→ Your task
Using the material below, print a verbatim copy of every line from the one containing "Of the numerous" through the one containing "R1 滑片位置不变。接着在环下吊上重物,如图乙所示,已知电阻丝 B", inclusive, and omit the pictures.

→ Material provided
+ + + + +

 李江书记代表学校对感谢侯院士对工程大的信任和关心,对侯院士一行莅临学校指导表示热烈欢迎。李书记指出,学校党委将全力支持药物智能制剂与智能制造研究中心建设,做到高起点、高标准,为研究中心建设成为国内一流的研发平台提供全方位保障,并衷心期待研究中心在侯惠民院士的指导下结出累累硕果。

+ + + + +

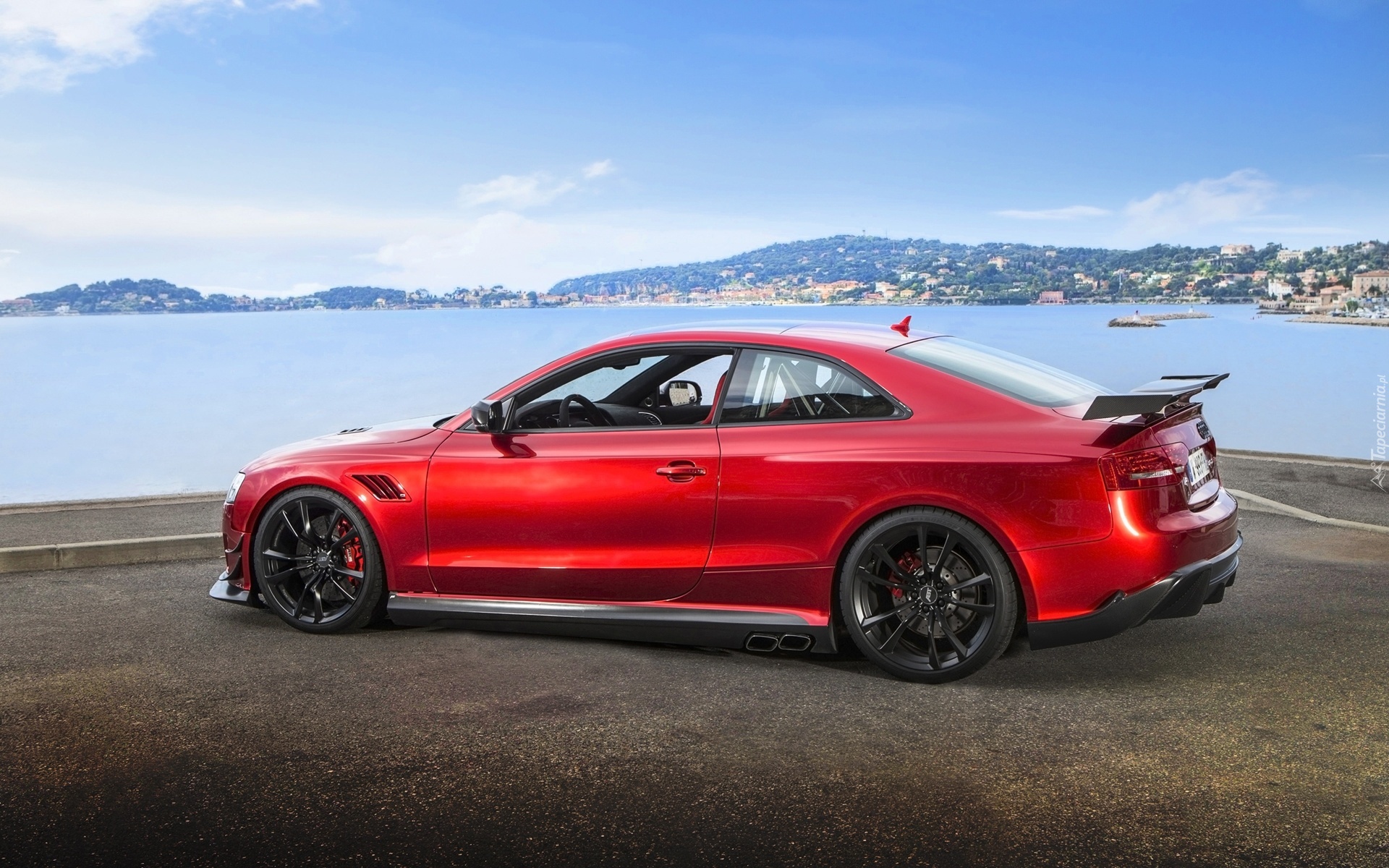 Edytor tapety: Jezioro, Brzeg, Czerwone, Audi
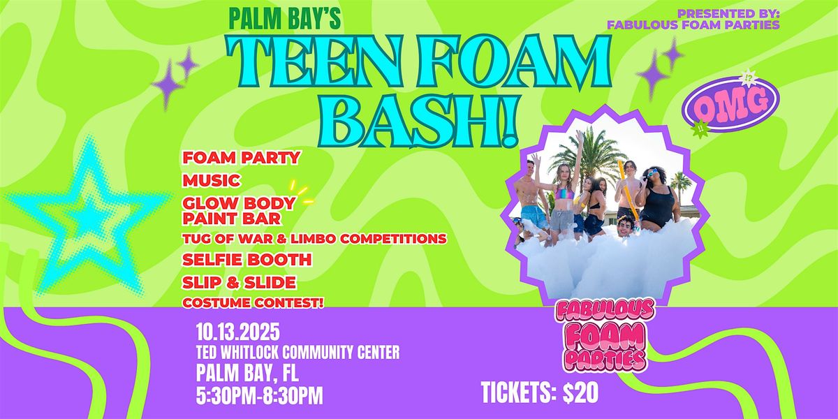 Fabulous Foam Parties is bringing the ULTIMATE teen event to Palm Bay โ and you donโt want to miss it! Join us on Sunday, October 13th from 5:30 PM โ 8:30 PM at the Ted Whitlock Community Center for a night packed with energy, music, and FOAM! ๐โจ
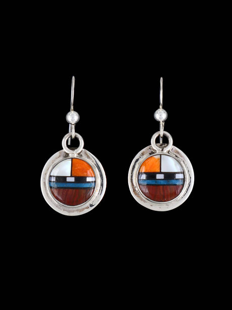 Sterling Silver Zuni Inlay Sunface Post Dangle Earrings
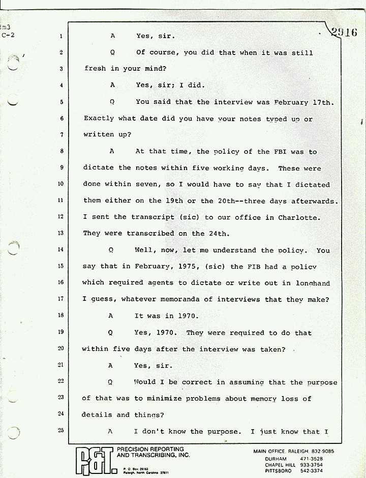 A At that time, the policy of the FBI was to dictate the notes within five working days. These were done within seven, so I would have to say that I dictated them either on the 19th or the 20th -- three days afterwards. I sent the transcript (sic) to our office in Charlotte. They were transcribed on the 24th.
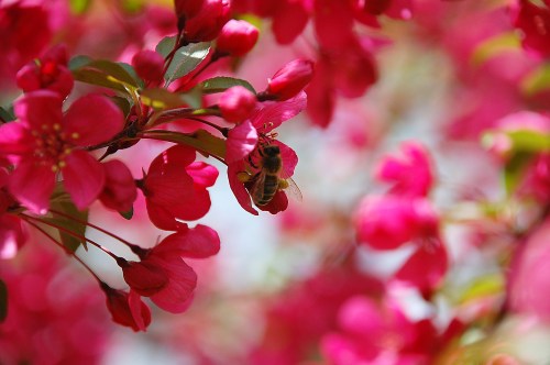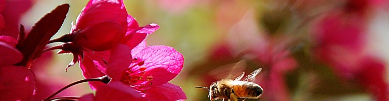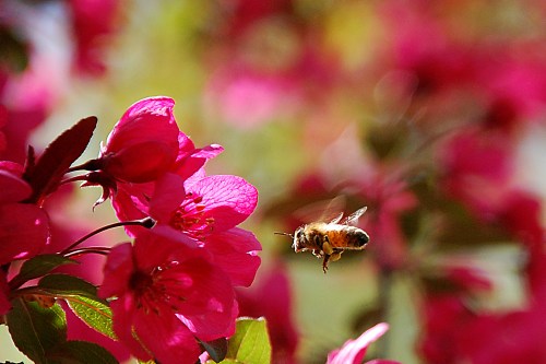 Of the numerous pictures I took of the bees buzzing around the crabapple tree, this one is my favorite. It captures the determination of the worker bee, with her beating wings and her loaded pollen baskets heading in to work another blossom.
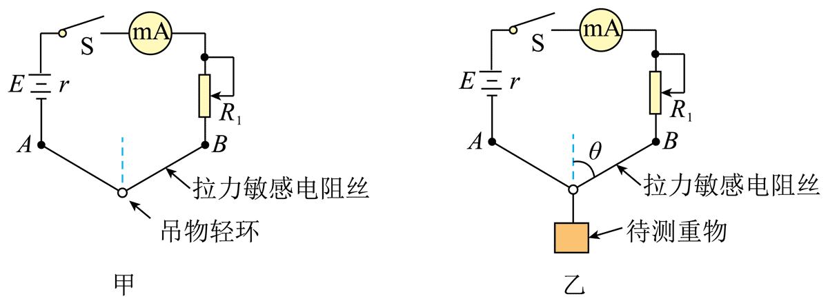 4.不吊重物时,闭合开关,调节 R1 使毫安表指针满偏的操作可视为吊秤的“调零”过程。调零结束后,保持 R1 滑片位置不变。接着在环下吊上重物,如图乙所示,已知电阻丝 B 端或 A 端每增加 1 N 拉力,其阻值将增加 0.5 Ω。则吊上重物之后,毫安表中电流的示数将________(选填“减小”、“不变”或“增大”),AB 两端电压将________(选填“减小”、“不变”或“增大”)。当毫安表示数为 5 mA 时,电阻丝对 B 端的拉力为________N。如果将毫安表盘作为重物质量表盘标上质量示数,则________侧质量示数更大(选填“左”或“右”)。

+ + + + +

→ Exercise answer
 Of the numerous pictures I took of the bees buzzing around the crabapple tree, this one is my favorite. It captures the determination of the worker bee, with her beating wings and her loaded pollen baskets heading in to work another blossom.
 4.不吊重物时,闭合开关,调节 R1 使毫安表指针满偏的操作可视为吊秤的“调零”过程。调零结束后,保持 R1 滑片位置不变。接着在环下吊上重物,如图乙所示,已知电阻丝 B 端或 A 端每增加 1 N 拉力,其阻值将增加 0.5 Ω。则吊上重物之后,毫安表中电流的示数将________(选填“减小”、“不变”或“增大”),AB 两端电压将________(选填“减小”、“不变”或“增大”)。当毫安表示数为 5 mA 时,电阻丝对 B 端的拉力为________N。如果将毫安表盘作为重物质量表盘标上质量示数,则________侧质量示数更大(选填“左”或“右”)。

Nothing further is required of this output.